Problem to work on — Everything in the listing that follows should be reproduced exactly except the pictures.

Recorded information —

-- Opening Marker --

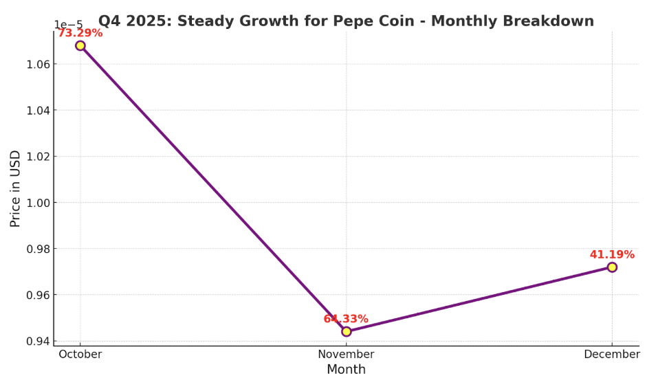 Heading into the final quarter, Pepe price shows slower growth, reaching $0.0009445 in November and $0.0009724 in December.
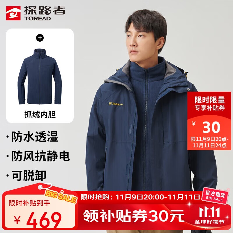 探路者(TOREAD)沖鋒衣22秋冬情侶三合一戶外抓絨可脫卸兩件套防潑水防寒服外... 閱讀全文
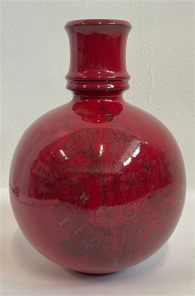 Ernestine Vaso globulare in ceramica smaltata in rosso e decorata con fiori al t
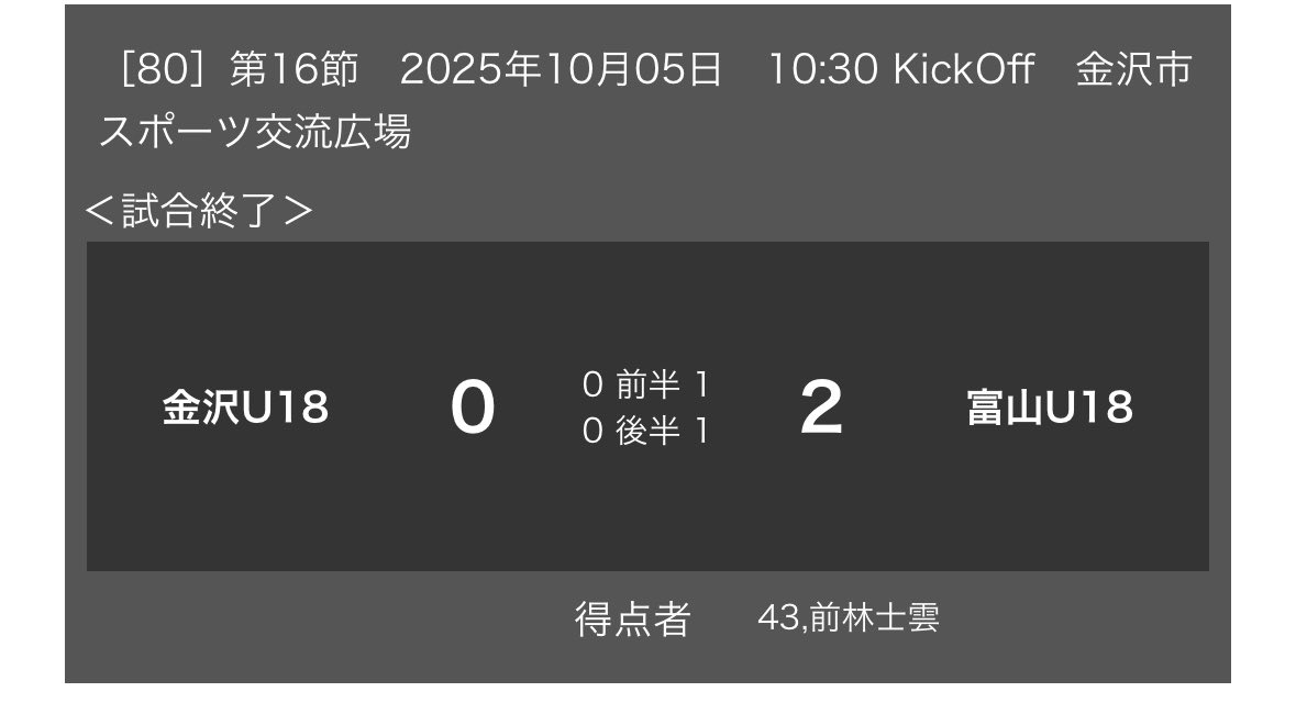 U18は金沢との1部生き残りダービーを制す❗️ 素晴らしい👍 これで1部残留確定か?

-- Closing Marker --

Result below —
 Heading into the final quarter, Pepe price shows slower growth, reaching $0.0009445 in November and $0.0009724 in December.
 探路者(TOREAD)沖鋒衣22秋冬情侶三合一戶外抓絨可脫卸兩件套防潑水防寒服外... 閱讀全文
 Ernestine Vaso globulare in ceramica smaltata in rosso e decorata con fiori al t
 U18は金沢との1部生き残りダービーを制す❗️ 素晴らしい👍 これで1部残留確定か?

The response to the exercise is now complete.